CapDec About the variance of 0.016

Hi, authors. In your paper, you mentioned:

Specifically, we set $\epsilon$ to the mean $\mathcal{l}_\infty$ norm of embedding differences between five captions that correspond to the same image. We estimated this based on captions of only 15 MS-COCO images.

I would like to know, have you released the corresponding code detail of the estimate of the variance?

Nov 14 '22 12:11 232525

Hi, Yes. We calculate it using the predictions_runner.py script with the flag --ablation_dist and the flag --text_autoencoder (which specifies to use CLIP text encoder rather than an image encoder. see its main method there: calc_distances_of_ready_embeddings). This will print the results of the average max norm of 900 samples but it will also save the 900 values to a pickle file so you can make sure this estimation could be done also with only 15 samples with high confidence (i.e. the variance of the max norm of different sets is negligible).
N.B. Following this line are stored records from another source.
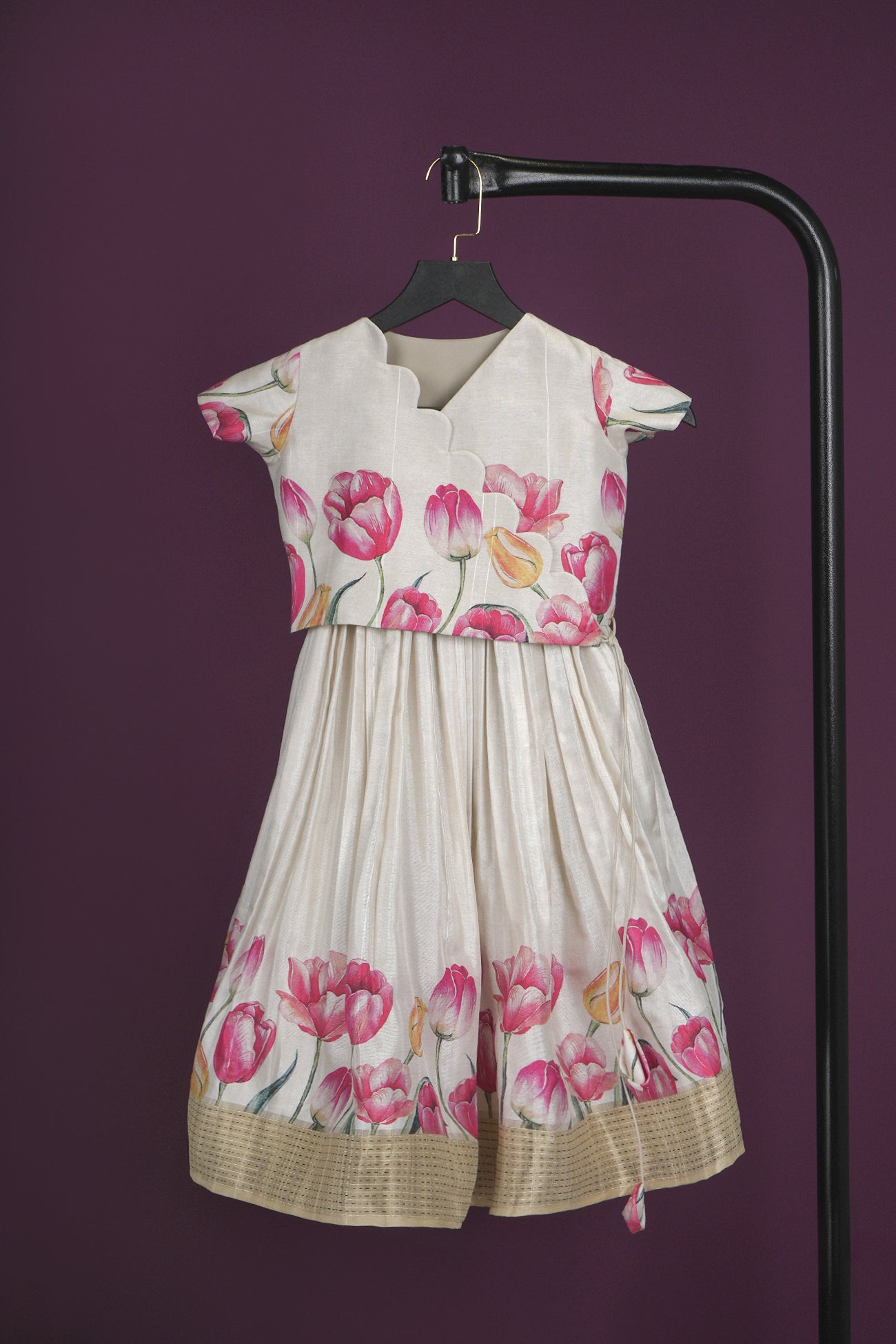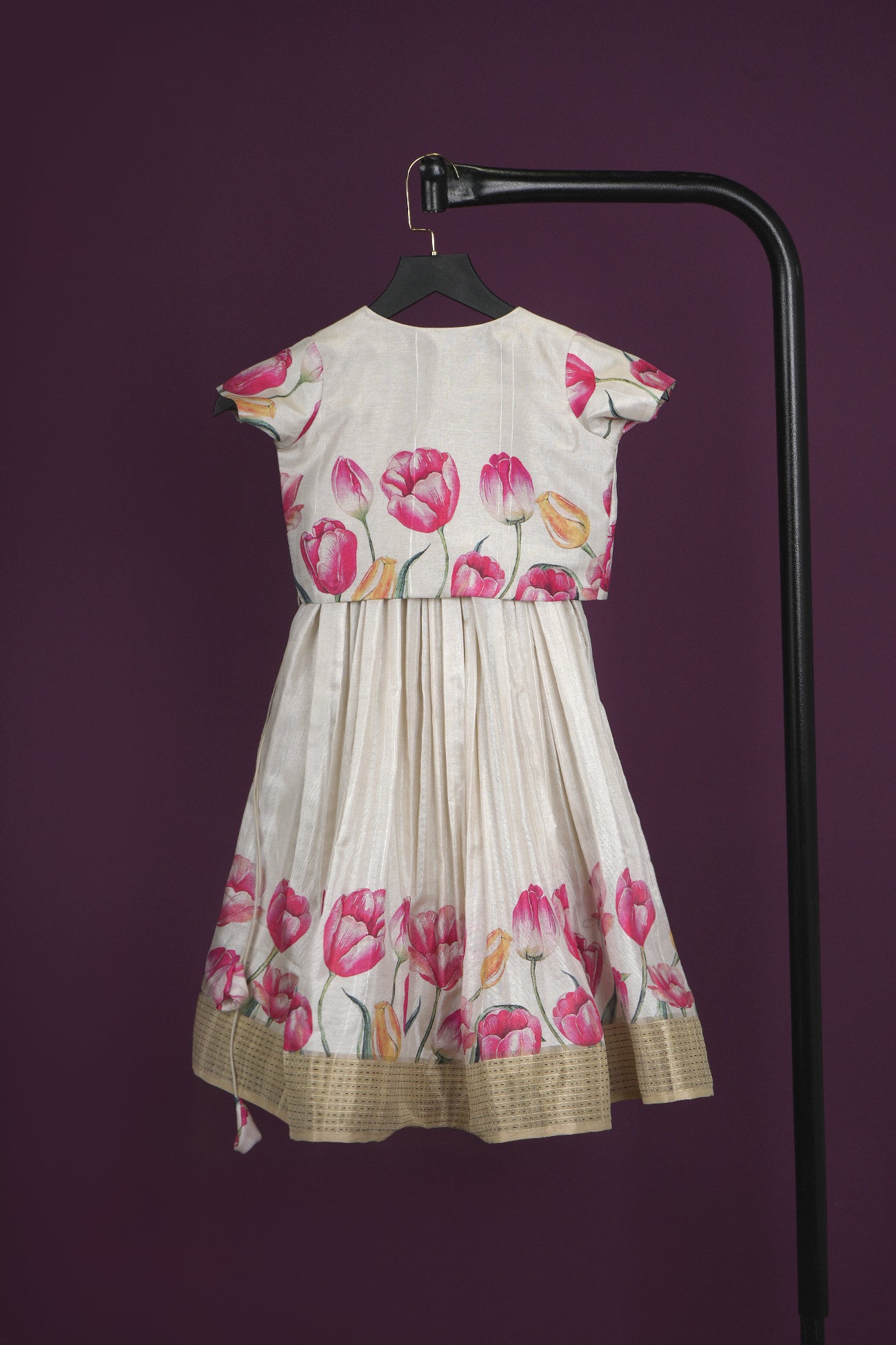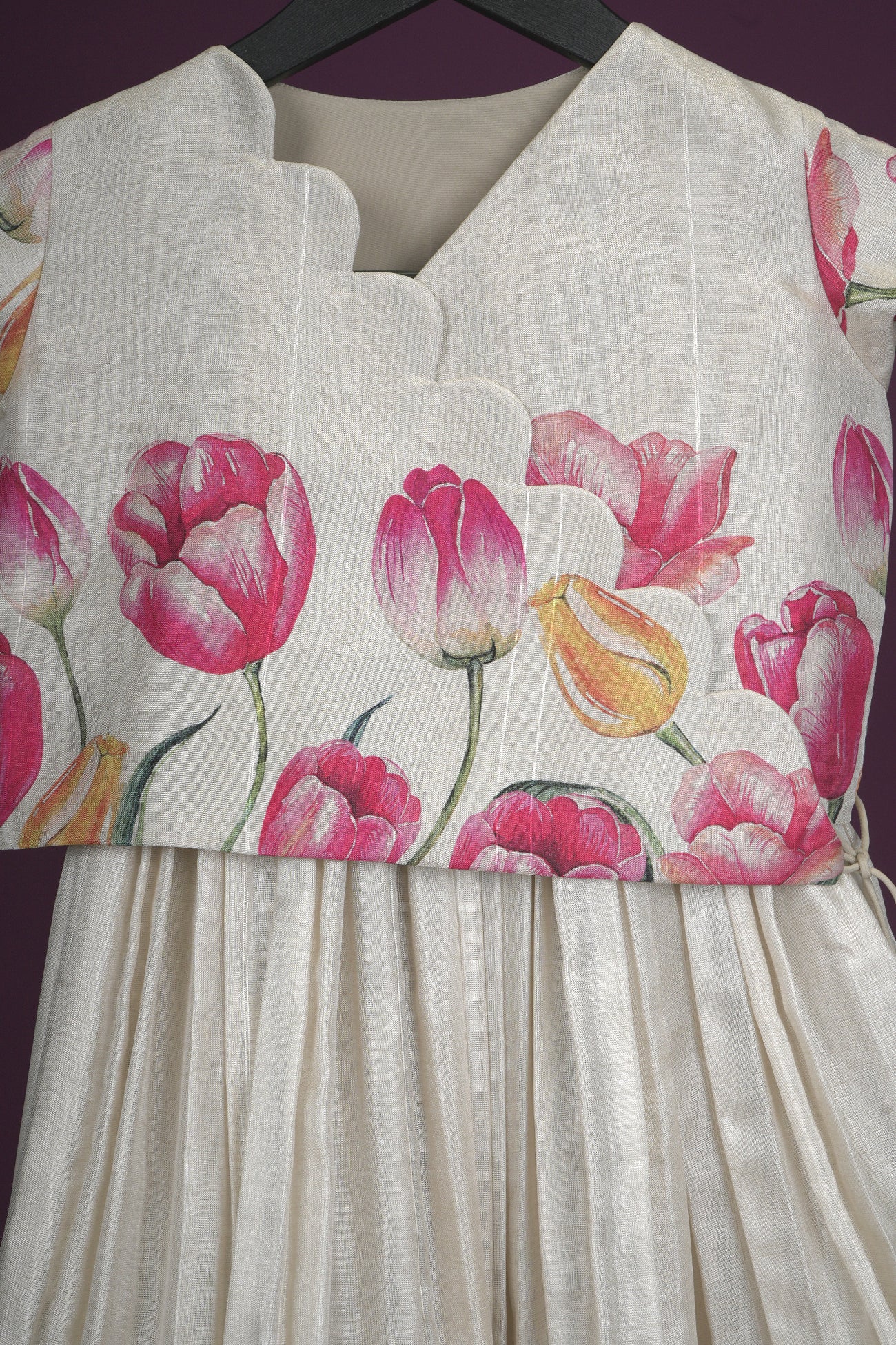 Festive wear traditional light beige single color blended tussar body designed border printed Lehanga blouse with out dupatta
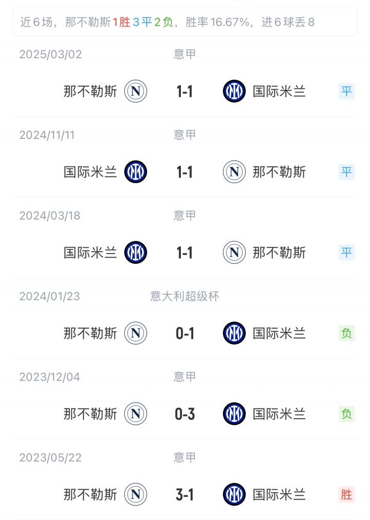 他们也得以结束了面对国米的各项赛事连续5场不胜(2负3平,期间打进3球、丢7球)。
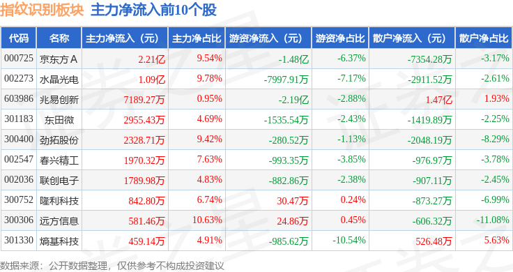 从资金流向上来看,当日指纹识别板块主力资金净流入1.11亿元,游资资金净流出2.96亿元,散户资金净流入1.85亿元。指纹识别板块个股资金流向见下表:
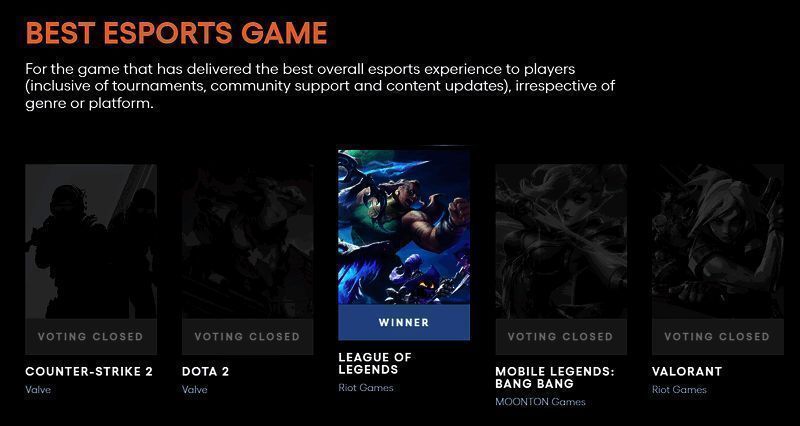 其他提名:《CS2》《DOTA2》《云顶之弈》《无畏契约》
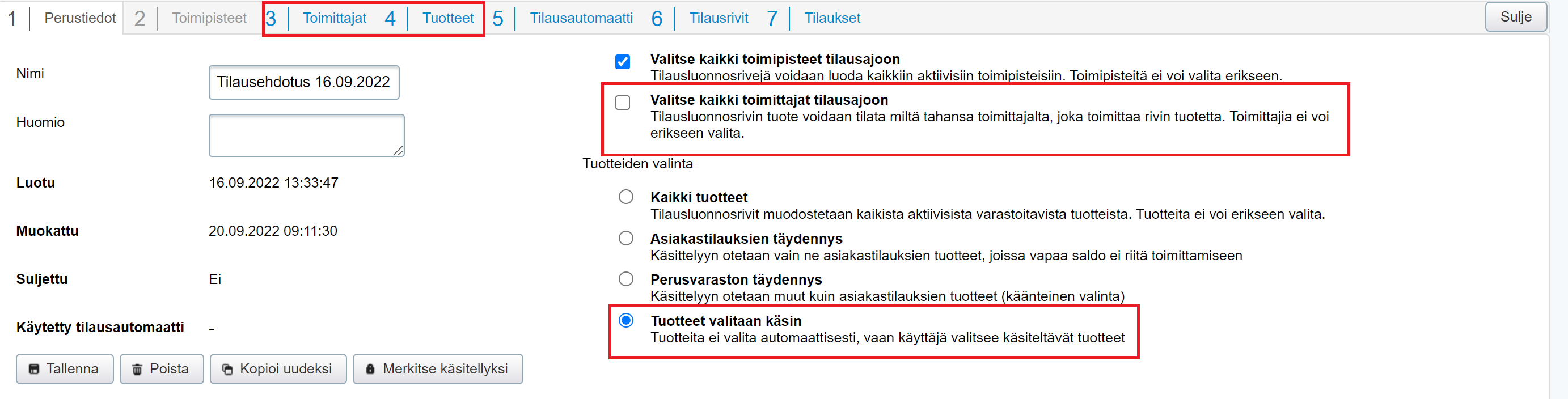 Tästä valinnasta riippuen pääset siirtymään seuraavaksi Toimittajat- ja/tai Tuotteet-välilehdille, joilla valitset manuaalisesti ne toimittajat ja/tai yksittäiset tuotteet/kokonaiset tuoteryhmät, joihin haluat tilausajon kohdistaa. - Kun toimittajat ja/tai tuotteet on valittu, siirry Tilausautomaatti-välilehdelle, luo uusi tilausautomaatti ja nimeä se.
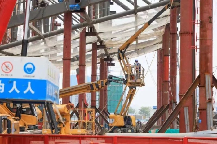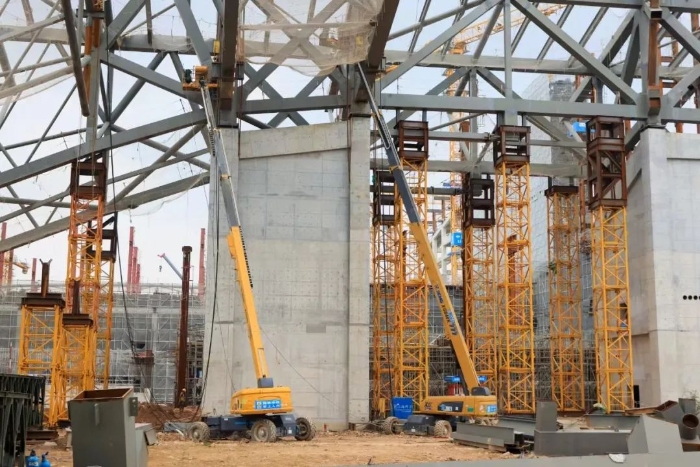 此次施工的主力产品为安博首页_安博anbo(中国)的XGS22K 、XGS28K、XGS40K三款车型,这三款车型作业幅度分别是17.2米、22米和24.9米,再加上带有一节小飞臂的设计,使得其跨障能力强,更适宜现场这种复杂且密集的钢结构作业。160°的平台回转角度,也赋予了它更加灵活的使用方法。
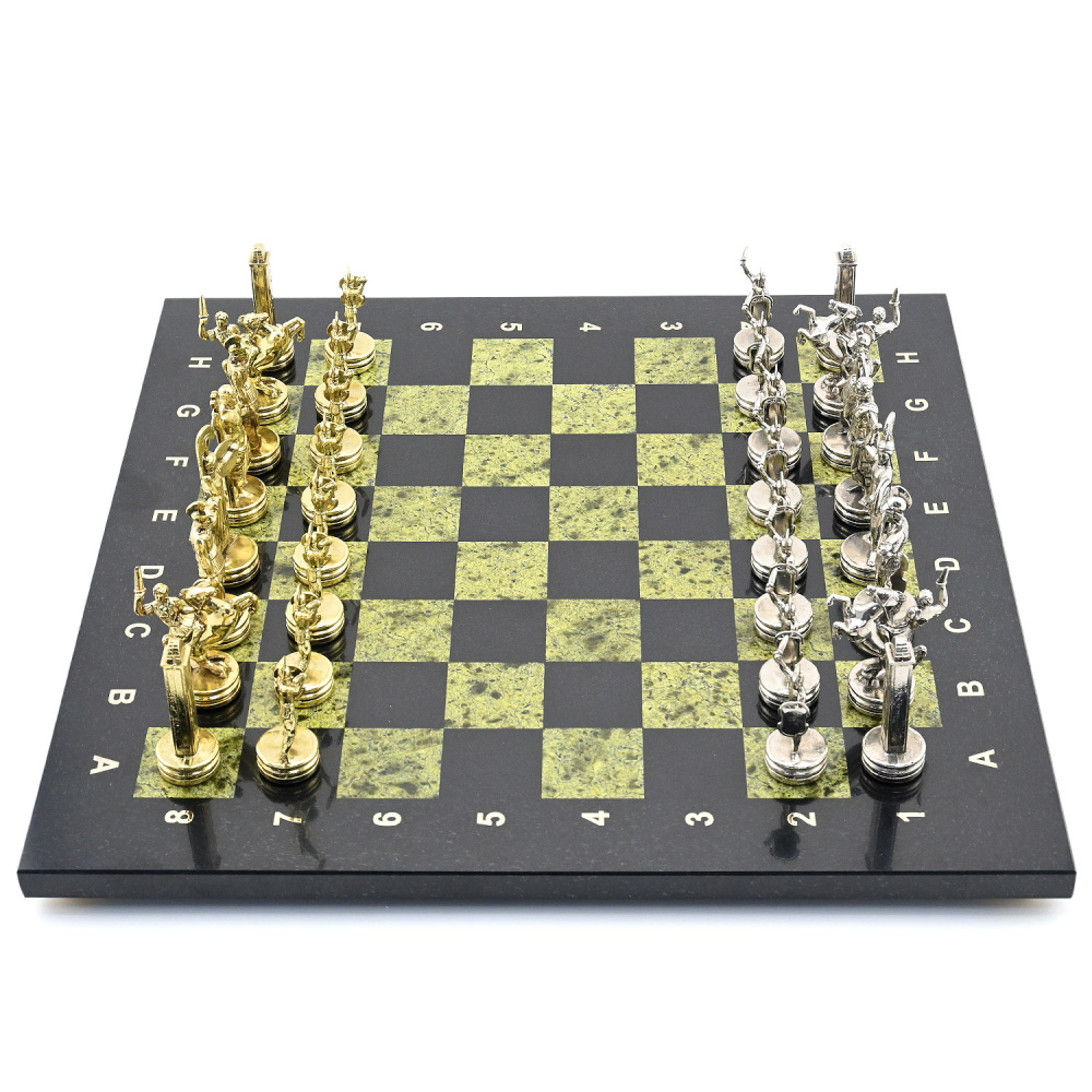Подарочные шахматы из долерита и змеевика "Битва Титанов"

Nov 14 '22 12:11 DavidHuji

Thanks for your reply, I calc the average result on val set, and it seems normal. But something confused me: you mentioned $l_\infty$ norm in your paper, but it seems that the $l1$ norm result is adopted. Is there anything I missed or mistake?

Nov 15 '22 02:11 232525

It prints a few different metrics though the infinity norm is the one that is printed here (line 86).

Nov 15 '22 09:11 DavidHuji